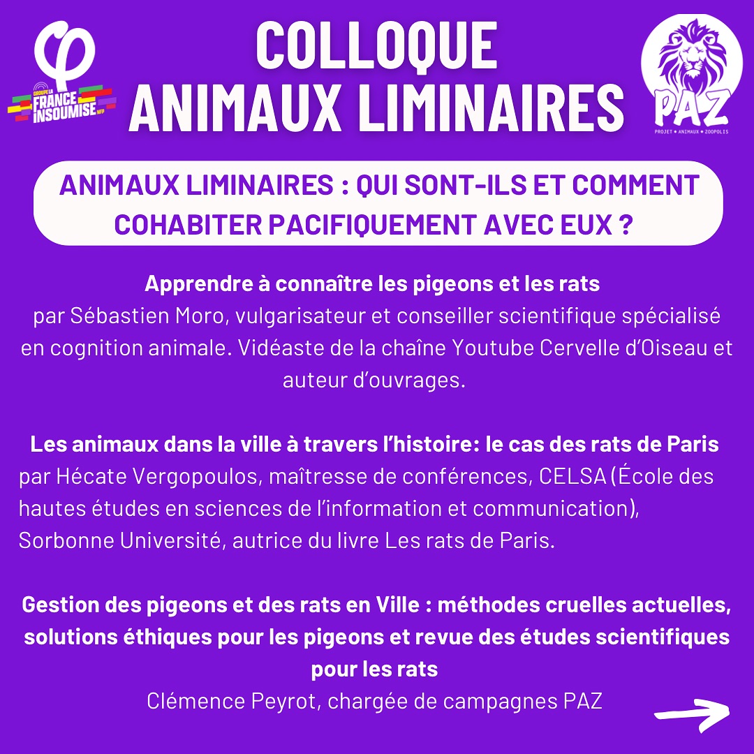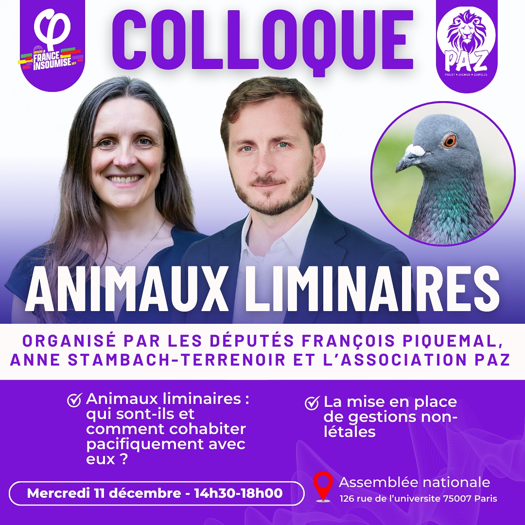 A l’issue du colloque, la foldingue LFI Ersilia Sourdais, député de Seinte-et-Marne, a « annoncé le dépôt d’une proposition de loi visant à créer la catégorie juridique des « animaux liminaires » et à interdire les méthodes léthales et cruelles à l’encontre des pigeons ».
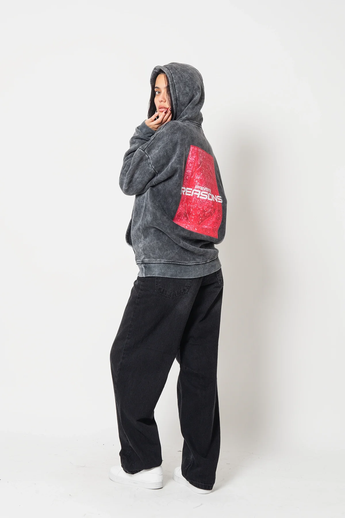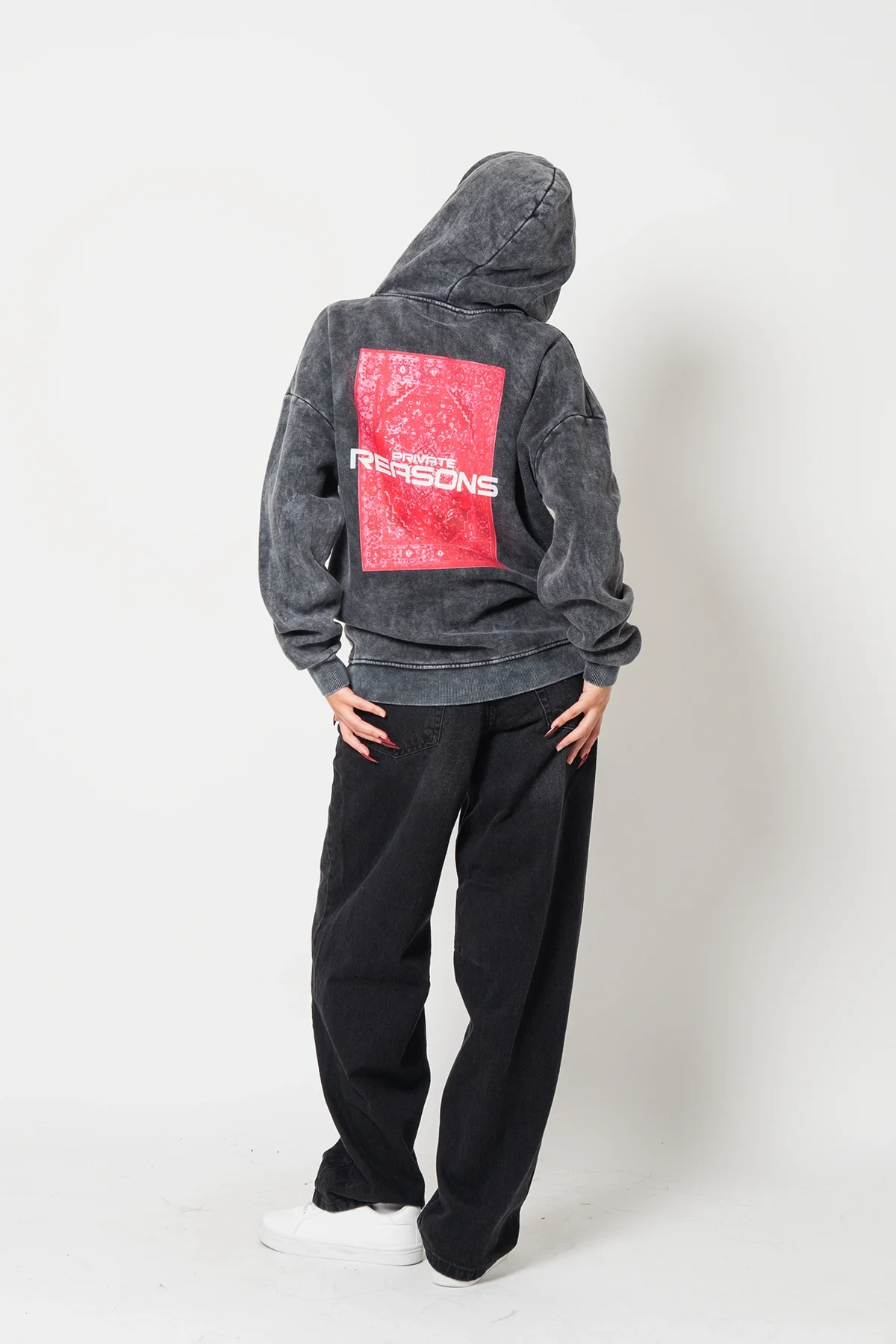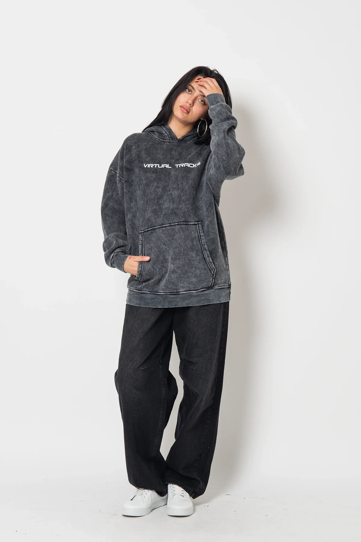 VIRTUAL TRACKS BASKILI OVERSİZE UNİSEX PREMİUM YIKAMALI SİYAH HOODİE
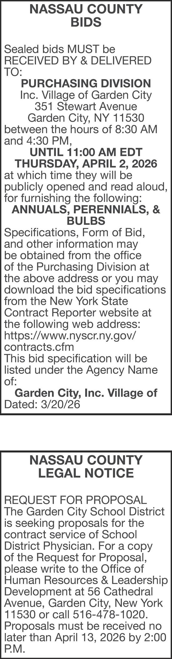 At its March 5 meeting, the Village Board of Trustees authorized the municipality to apply for fiscal year 2026–2027 federal Community Project grants. The applications include $2.5 million for the Department of Public Works and Water Department’s lead water service line identification and replacement project; $750,000 to construct the GCFD fire training center; and $1.659 million for renovation and construction work to improve the Garden City Public Library’s lower level.
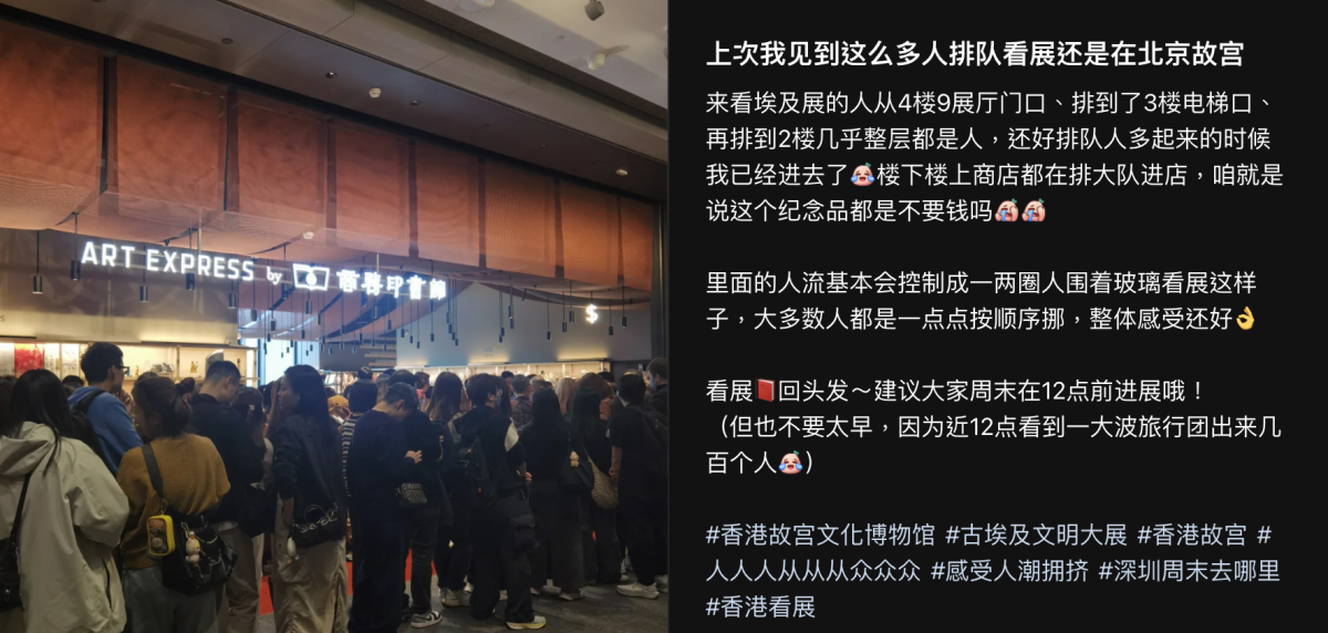 【點新聞報道】香港故宮文化博物館與埃及最高文物委員會聯合主辦的「古埃及文明大展——埃及博物館珍藏」本周四(20日)起向公眾開放。展覽踏入首個周末(22日)迎來人潮,現場人數眾多,同時每個展館外都「打蛇餅」,排隊最少需時一小時以上。
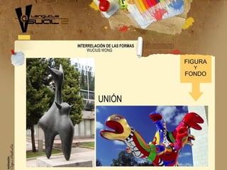 El documento describe diferentes modos de interrelación entre formas como distanciamiento, toque, superposición, penetración, unión, sustracción, intersección y coincidencia. Se pide buscar un ejemplo de cada modo de interrelación en obras tridimensionales.
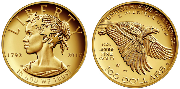 It is the first in a series of gold coins featuring Lady Liberty, which has been used on American coinage since the late 1790s, as an ethnic woman, Mint Principal Deputy Director Rhett Jeppson said in a statement.
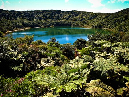 Vegetation surrounding Poas has been stunted or totally destroyed in places but you can see shades of green on the lava flows where plant life once again is springing forth. Walking through the dwarf forest to the crater holding Lake Botos is a fascinating experience. It is dense and jungle like, moss growing and covering everything. Tough ferns and bonsai type trees are kept stunted due to the acid rain. The air is noticeably cool but not too far overhead you can see the sun as most of the trees are no more than 20'. Tropical plants and flowers cover the forest floor and animal life can be heard but hard to see. Coming into the clearing at the end of the trail reveals beautiful Lake Botos, emerald green in colour and quite surreal. Pictures really do not do sights like this justice!!
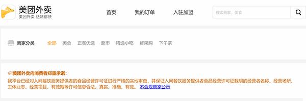 從哪里看違規(guī)餐飲店鋪公示情況?首先,打開三個外賣平臺的網頁版并登陸,選擇“北京地區(qū)”后,可以看到網頁最上端明顯位置發(fā)布了這樣的承諾:“我平臺已經對入網餐飲服務提供者的食品經營許可證進行嚴格的實地審查,并保證入網餐飲服務提供者食品經營許可證載明的經營者名稱、經營場所、主體業(yè)態(tài)、經營項目、有效期等許可信息合法、真實、準確、有效。”
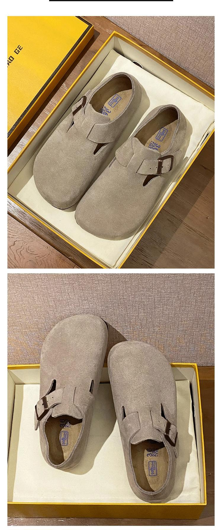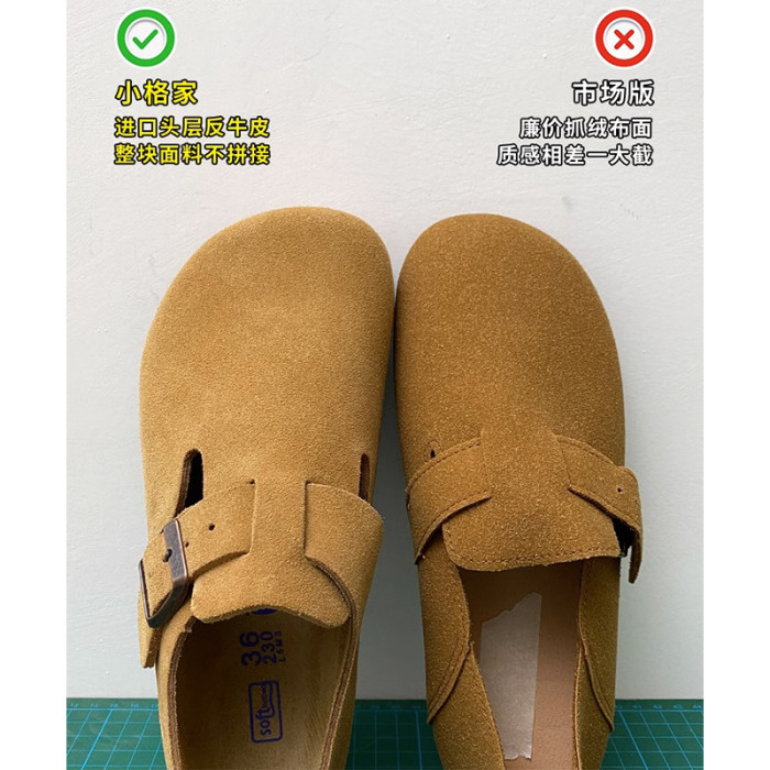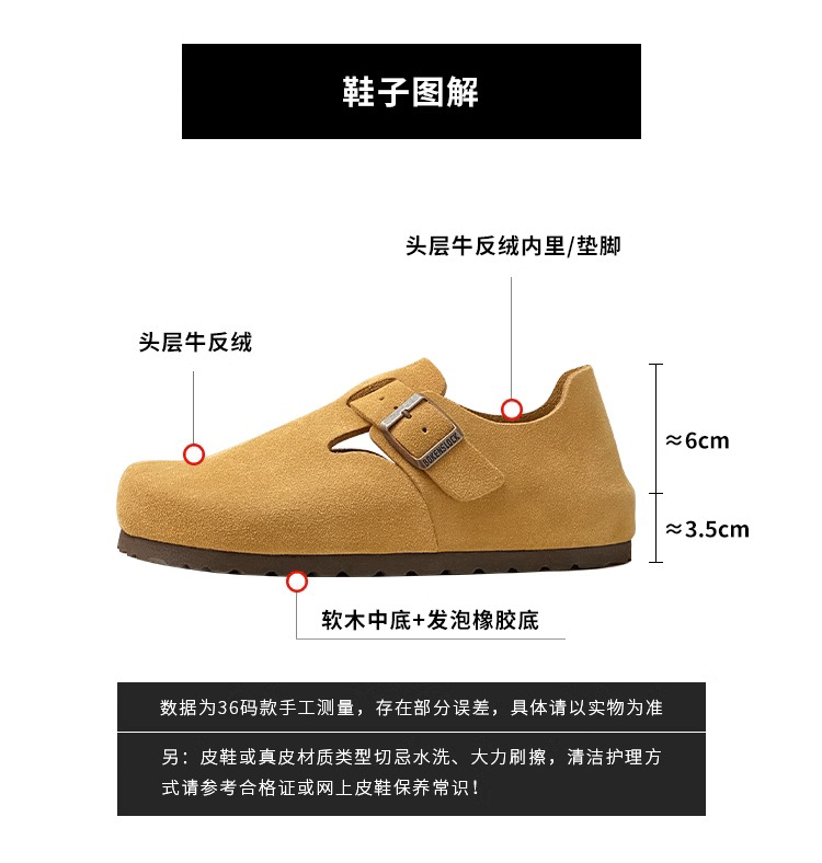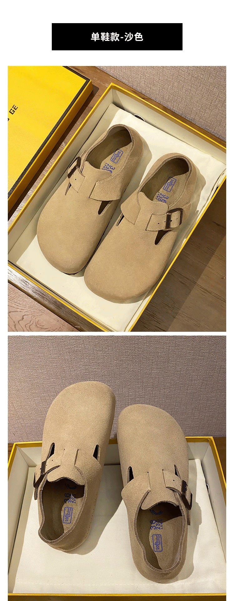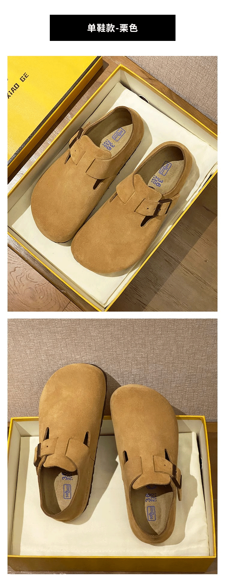 三喜同款牛皮勃肯鞋女全包秋冬加絨真皮軟底厚底博肯鞋大碼41-43
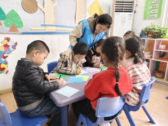 活动伊始,志愿者带领小朋友一起唱《铃儿响叮当》歌曲,以简单易懂的方式介绍圣诞节的由来、讲述圣诞老人的故事,让孩子们对圣诞节有初步的了解。手工教学环节,志愿者耐心地指导小朋友们折纸圣诞树、制作圣诞贺卡,帮助小朋友们解决纸张折不齐、胶水使用不当等问题,在他们的帮助下,小朋友们都成功折出自己的圣诞树,用绘画工具绘制出自己心中的圣诞愿景。最后的神秘盒子游戏将活动氛围推向高潮,志愿者准备一个神秘盒子,邀请小朋友们伸手去摸并猜测摸到的物品,猜对的小朋友会得到糖果、小贴纸等奖品,大家积极参与,教室里充满欢声笑语,现场洋溢着欢乐、温馨的气氛。

....

ACTIVITY
Repeat the listing verbatim. Skip the pictures.

TASK SOLUTION
 A l’issue du colloque, la foldingue LFI Ersilia Sourdais, député de Seinte-et-Marne, a « annoncé le dépôt d’une proposition de loi visant à créer la catégorie juridique des « animaux liminaires » et à interdire les méthodes léthales et cruelles à l’encontre des pigeons ».
 VIRTUAL TRACKS BASKILI OVERSİZE UNİSEX PREMİUM YIKAMALI SİYAH HOODİE
 At its March 5 meeting, the Village Board of Trustees authorized the municipality to apply for fiscal year 2026–2027 federal Community Project grants. The applications include $2.5 million for the Department of Public Works and Water Department’s lead water service line identification and replacement project; $750,000 to construct the GCFD fire training center; and $1.659 million for renovation and construction work to improve the Garden City Public Library’s lower level.
 【點新聞報道】香港故宮文化博物館與埃及最高文物委員會聯合主辦的「古埃及文明大展——埃及博物館珍藏」本周四(20日)起向公眾開放。展覽踏入首個周末(22日)迎來人潮,現場人數眾多,同時每個展館外都「打蛇餅」,排隊最少需時一小時以上。
 El documento describe diferentes modos de interrelación entre formas como distanciamiento, toque, superposición, penetración, unión, sustracción, intersección y coincidencia. Se pide buscar un ejemplo de cada modo de interrelación en obras tridimensionales.
 It is the first in a series of gold coins featuring Lady Liberty, which has been used on American coinage since the late 1790s, as an ethnic woman, Mint Principal Deputy Director Rhett Jeppson said in a statement.
 Vegetation surrounding Poas has been stunted or totally destroyed in places but you can see shades of green on the lava flows where plant life once again is springing forth. Walking through the dwarf forest to the crater holding Lake Botos is a fascinating experience. It is dense and jungle like, moss growing and covering everything. Tough ferns and bonsai type trees are kept stunted due to the acid rain. The air is noticeably cool but not too far overhead you can see the sun as most of the trees are no more than 20'. Tropical plants and flowers cover the forest floor and animal life can be heard but hard to see. Coming into the clearing at the end of the trail reveals beautiful Lake Botos, emerald green in colour and quite surreal. Pictures really do not do sights like this justice!!
 從哪里看違規(guī)餐飲店鋪公示情況?首先,打開三個外賣平臺的網頁版并登陸,選擇“北京地區(qū)”后,可以看到網頁最上端明顯位置發(fā)布了這樣的承諾:“我平臺已經對入網餐飲服務提供者的食品經營許可證進行嚴格的實地審查,并保證入網餐飲服務提供者食品經營許可證載明的經營者名稱、經營場所、主體業(yè)態(tài)、經營項目、有效期等許可信息合法、真實、準確、有效。”
 三喜同款牛皮勃肯鞋女全包秋冬加絨真皮軟底厚底博肯鞋大碼41-43
 活动伊始,志愿者带领小朋友一起唱《铃儿响叮当》歌曲,以简单易懂的方式介绍圣诞节的由来、讲述圣诞老人的故事,让孩子们对圣诞节有初步的了解。手工教学环节,志愿者耐心地指导小朋友们折纸圣诞树、制作圣诞贺卡,帮助小朋友们解决纸张折不齐、胶水使用不当等问题,在他们的帮助下,小朋友们都成功折出自己的圣诞树,用绘画工具绘制出自己心中的圣诞愿景。最后的神秘盒子游戏将活动氛围推向高潮,志愿者准备一个神秘盒子,邀请小朋友们伸手去摸并猜测摸到的物品,猜对的小朋友会得到糖果、小贴纸等奖品,大家积极参与,教室里充满欢声笑语,现场洋溢着欢乐、温馨的气氛。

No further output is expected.